■ TASK
The entries below are to be returned as written, with all pictures dropped.

-------- STUDY MATERIAL

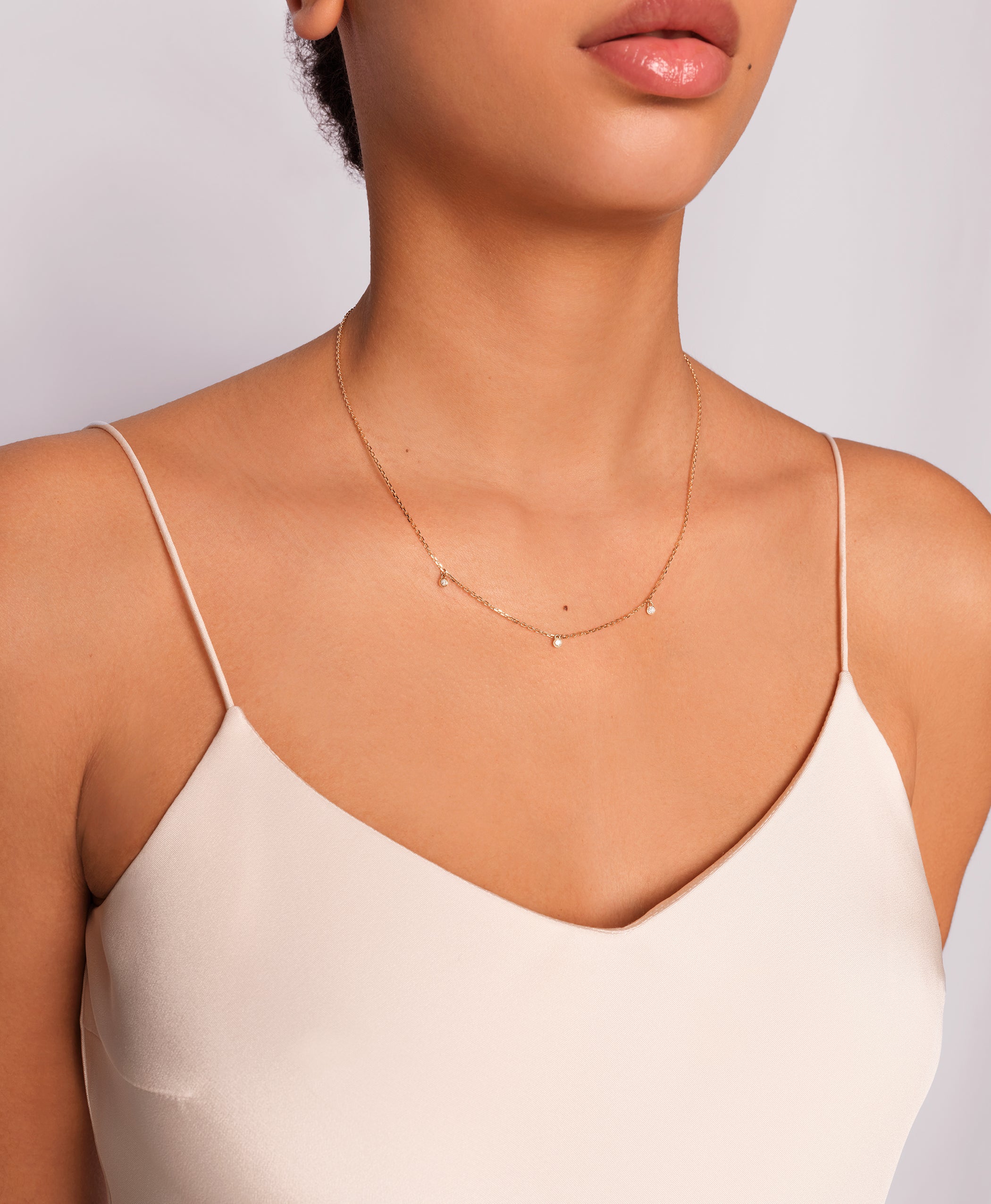 The dangling diamonds found on this Gold necklace were inspired by the classic craftsmanship of grandfather clocks - presented here with a modern twist and design flair. Sport these eye-catchers, and it'll always be time to get noticed.
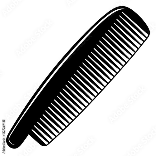 Curved Comb with Evenly Spaced Teeth - Black Vector Illustration
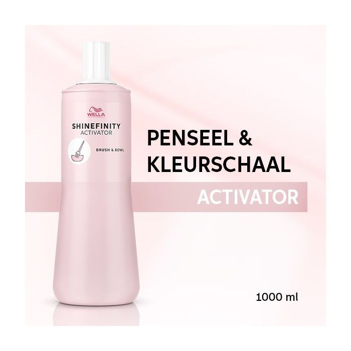 Wella ShineFinity Activator 2% Penseel & Kleurschaal 1000ml is een professionele, ultra-milde activator ontworpen om samen met de ShineFinity Zero Lift Glaze te worden gebruikt. Deze activator zorgt ervoor dat de semi-permanente, glansversterkende kleurbehandeling tot wel 6 weken zichtbaar blijft, zonder oplichting en zonder enige vorm van haarbeschadiging. De unieke Balanced pH Technology houdt de pH-waarde tijdens het volledige kleurproces onder controle, waardoor de haarschubben sluiten, het haar glad wordt en een intense, voelbare glans ontstaat.
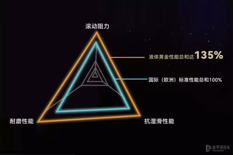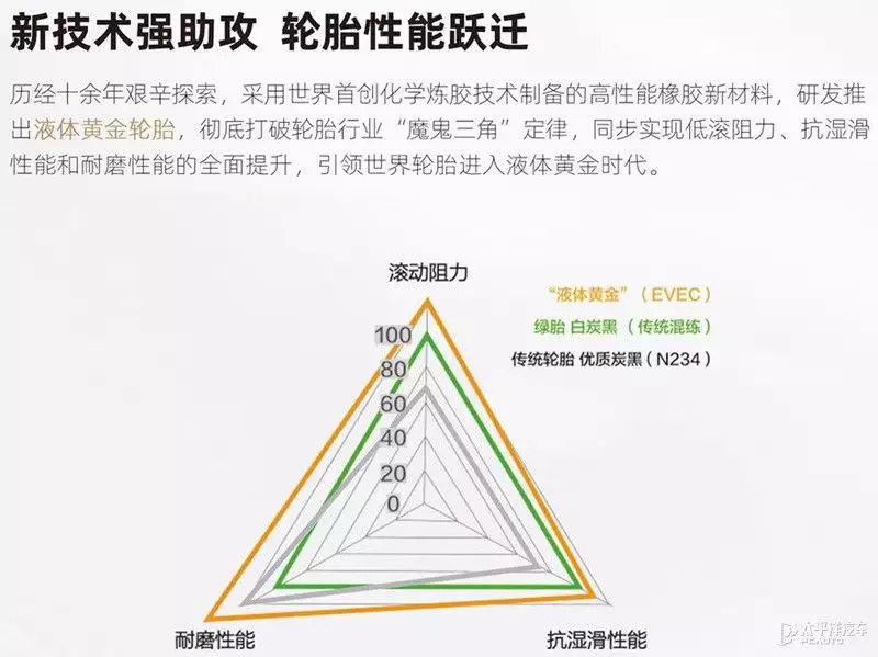 液体黄金轮胎与传统轮胎相比,综合性能更优异,降低轮胎滚动阻力的同时,提升轮胎的抗湿滑性能和耐磨性能,在西班牙IDIADA、史密斯实验室、TUV南德、中国橡胶工业协会等国内外权威机构的专业测试中表现卓越。目前,该技术因打破“魔鬼三角”被誉为“世界橡胶轮胎工业第四个里程碑式的技术创新”。
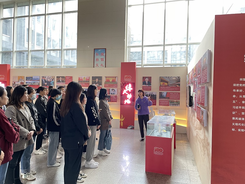 展厅内,大家边走边看,认真聆听讲解员讲解,了解展览的一个个生动故事和重大历史意义。展览通过以中国共产党的诞生、土地改革、抗日战争、新中国成立四个历史时期为时间线,使用了大量的图文材料还原了重大历史事件,让党员们深入了解了中国共产党从1921年建党到现在走过的100年光辉革命历程。辅导员付文凯老师有感而发:“回顾百年的风雨岁月,从嘉兴南湖的一叶红船,到井冈山的星星之火,从万里长征的艰难险阻,到八年全面抗战胜利,从解放战争的势如破竹,到新中国的开天辟地,从改革开放发展前行,到踏上全面小康社会的崭新征程,可谓风雨沧桑、波澜壮阔、灿烂辉煌,有无数共产党员为此流下艰辛的汗水甚至付出生命,才换回我们今天的幸福生活。”
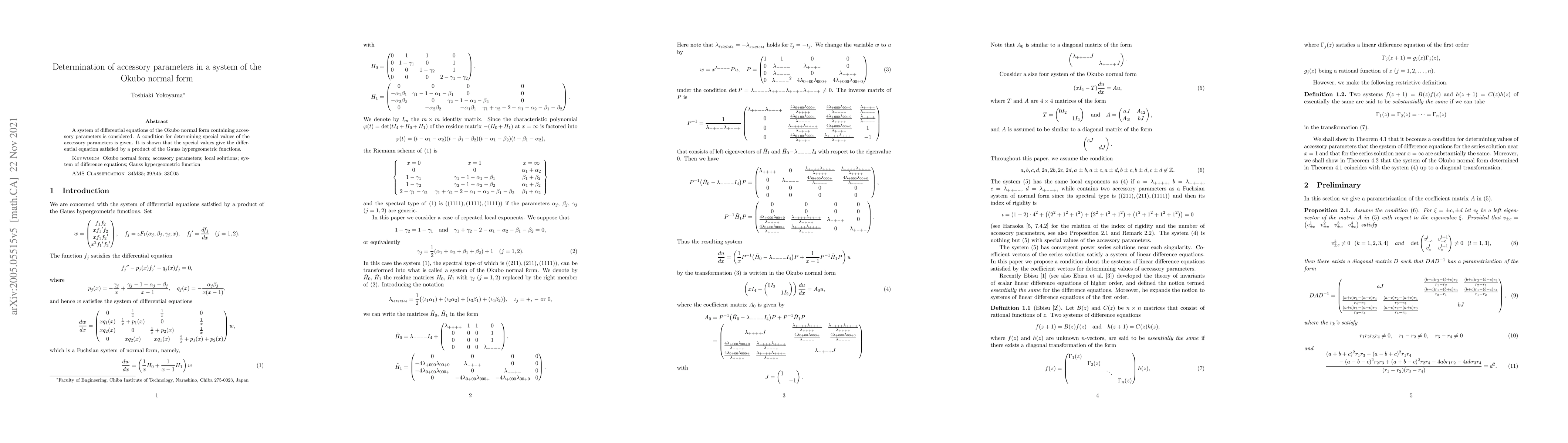 Summary: This paper explores a system of differential equations in Okubo normal form with accessory parameters, providing a condition to determine special values of these parameters. It demonstrates that these special values lead to a differential equation satisfied by a product of Gauss hypergeometric functions.
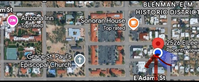 A+ location in historic BlenmanElm. Quarter the price of Arizona Inn (block over). Next to Roots Spa, Sonoran coffee house... Private, designated parking!
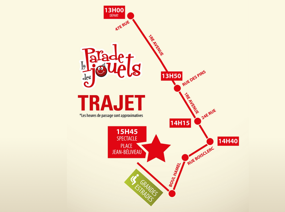 Le défilé prendra son départ au coin de la 50e rue et de la 1re Avenue à Charlesbourg à 14 h 30 pour poursuivre sur la 1re Avenue, avant d’emprunter les rues Boisclerc et l’Allée du Grand Marché et se démembrer à Place Jean-Béliveau.
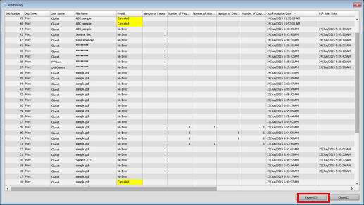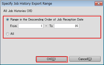 Specify the export range of the history records by indicating start and end points or select the [All], and click [OK].

----------------

■ EXPECTED ANSWER
 The dangling diamonds found on this Gold necklace were inspired by the classic craftsmanship of grandfather clocks - presented here with a modern twist and design flair. Sport these eye-catchers, and it'll always be time to get noticed.
 Curved Comb with Evenly Spaced Teeth - Black Vector Illustration
 Wella ShineFinity Activator 2% Penseel & Kleurschaal 1000ml is een professionele, ultra-milde activator ontworpen om samen met de ShineFinity Zero Lift Glaze te worden gebruikt. Deze activator zorgt ervoor dat de semi-permanente, glansversterkende kleurbehandeling tot wel 6 weken zichtbaar blijft, zonder oplichting en zonder enige vorm van haarbeschadiging. De unieke Balanced pH Technology houdt de pH-waarde tijdens het volledige kleurproces onder controle, waardoor de haarschubben sluiten, het haar glad wordt en een intense, voelbare glans ontstaat.
 液体黄金轮胎与传统轮胎相比,综合性能更优异,降低轮胎滚动阻力的同时,提升轮胎的抗湿滑性能和耐磨性能,在西班牙IDIADA、史密斯实验室、TUV南德、中国橡胶工业协会等国内外权威机构的专业测试中表现卓越。目前,该技术因打破“魔鬼三角”被誉为“世界橡胶轮胎工业第四个里程碑式的技术创新”。
 展厅内,大家边走边看,认真聆听讲解员讲解,了解展览的一个个生动故事和重大历史意义。展览通过以中国共产党的诞生、土地改革、抗日战争、新中国成立四个历史时期为时间线,使用了大量的图文材料还原了重大历史事件,让党员们深入了解了中国共产党从1921年建党到现在走过的100年光辉革命历程。辅导员付文凯老师有感而发:“回顾百年的风雨岁月,从嘉兴南湖的一叶红船,到井冈山的星星之火,从万里长征的艰难险阻,到八年全面抗战胜利,从解放战争的势如破竹,到新中国的开天辟地,从改革开放发展前行,到踏上全面小康社会的崭新征程,可谓风雨沧桑、波澜壮阔、灿烂辉煌,有无数共产党员为此流下艰辛的汗水甚至付出生命,才换回我们今天的幸福生活。”
 Summary: This paper explores a system of differential equations in Okubo normal form with accessory parameters, providing a condition to determine special values of these parameters. It demonstrates that these special values lead to a differential equation satisfied by a product of Gauss hypergeometric functions.
 A+ location in historic BlenmanElm. Quarter the price of Arizona Inn (block over). Next to Roots Spa, Sonoran coffee house... Private, designated parking!
 Le défilé prendra son départ au coin de la 50e rue et de la 1re Avenue à Charlesbourg à 14 h 30 pour poursuivre sur la 1re Avenue, avant d’emprunter les rues Boisclerc et l’Allée du Grand Marché et se démembrer à Place Jean-Béliveau.
 Specify the export range of the history records by indicating start and end points or select the [All], and click [OK].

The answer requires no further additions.